Restitution, Fines, and Disciplinary Actions

In 2017, the restitution ordered by FINRA rose sharply. FINRA reported restitution of approximately $67 million in 2017, an increase of 139% from the $28 million in restitution reported in 2016,1 but still below the record of $96 million ordered in 2015.

The fines reported by FINRA in 2017 decreased significantly to $67 million from the record-setting fines of $176 million in 2016, a 62% decrease. The 2017 fines were also 29% less than the $94 million in fines reported in 2015. Despite this shortfall, fines have increased by 139% since 2008, when FINRA assessed fines of $28 million.

The number of very large or “supersized” fines of $1 million or more also declined in 2017. FINRA assessed 15 supersized fines in 2017 in contrast to 34 in 2016. Similarly, in 2017, FINRA assessed two “yuuuge” fines of $5 million or more compared to eight “yuuuge” fines in 2016.

The decrease in fines is less pronounced when FINRA’s overall monetary sanctions are analyzed. The total sanctions ordered by FINRA in 2017 (i.e., fines, restitution, and disgorgement) were $144 million. The total sanctions ordered in prior years were as follows: $207 million in 2016; $193 million in 2015; and $168 million in 2014. Although the overall sanctions in 2017 were down compared to the recent record-setting years, they were still higher than any of the previous years from 2008 through 2013.
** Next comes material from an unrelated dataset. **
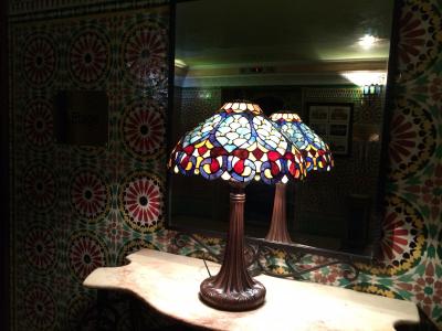 エレベーターホールのタイルのモザイク模様やランプがアラビアンな気分を盛り上げてくれます。
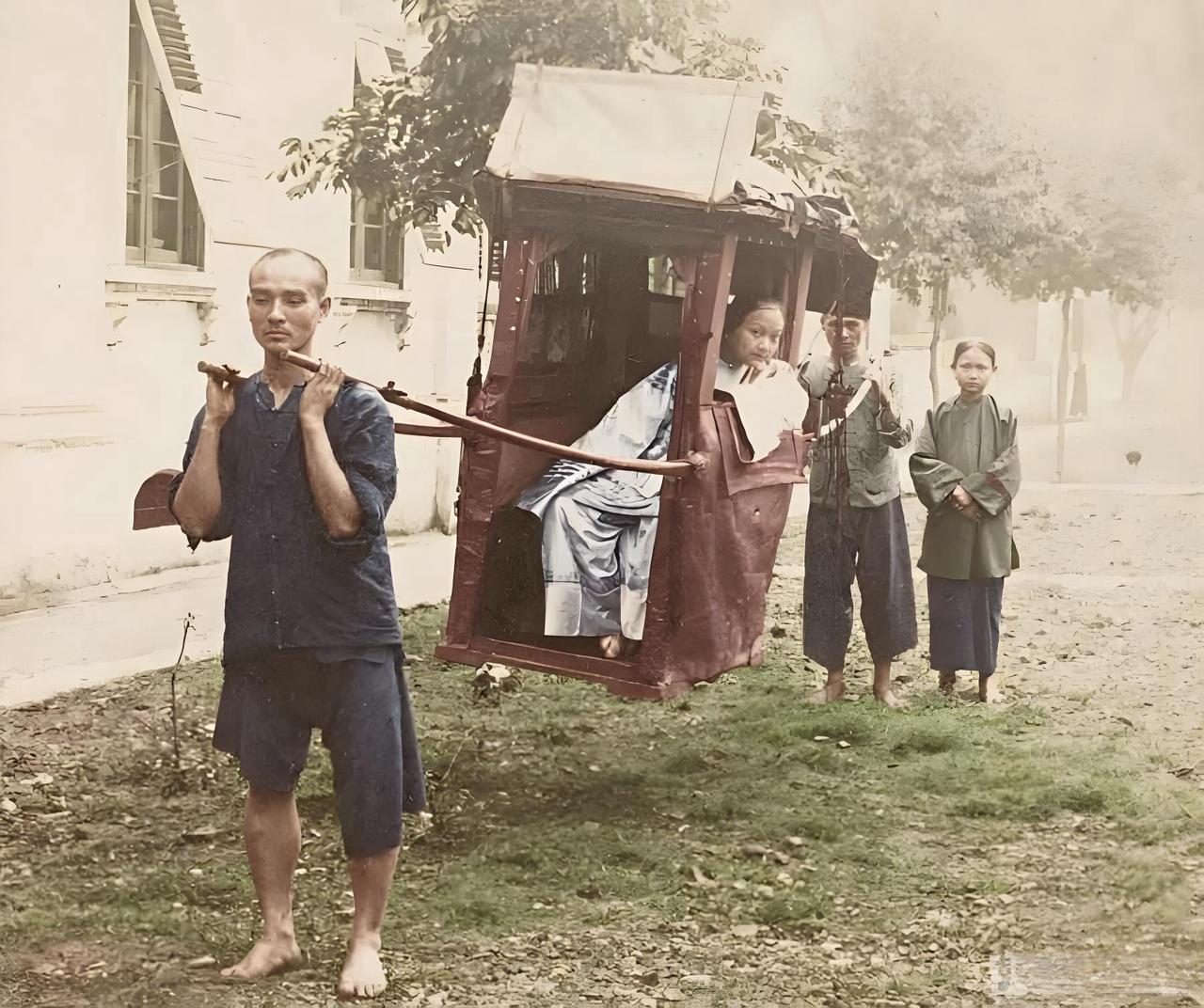 晚清广州,一位千金小姐端坐于装饰精巧的轿辇中,身着华服,尽显富家女的体面与优渥;两名轿夫赤脚抬轿,衣衫简朴,脚上老茧厚积——他们为节省开销故意不穿鞋,毕竟“鞋要花钱脚不用花钱”;随行的丫鬟同样未着鞋袜,且没有缠足(彼时缠足是富家女性的“身份符号”,底层女性因劳作需求保持天足)。这种出行方式在当时的花费,约等于如今三十多万的车辆。

The number of cases reported by FINRA also decreased last year. FINRA reported 1,369 disciplinary actions in 2017, a decrease of about 5% from the 1,434 cases FINRA reported in 2016. Still, the number of cases filed by FINRA has grown from 1,073 in 2008, an increase of 28%.

The number of individuals barred and firms expelled decreased slightly in 2017 compared to 2016, while the number of individuals suspended increased slightly. The number of individuals barred decreased from 517 in 2016 to 492 in 2017, a 5% decrease. The number of firms expelled by FINRA decreased from 24 in 2016 to 21 in 2017, a decrease of 13%. The number of individuals suspended, however, increased marginally from 727 in 2016 to 733 in 2017, an increase of about 1%.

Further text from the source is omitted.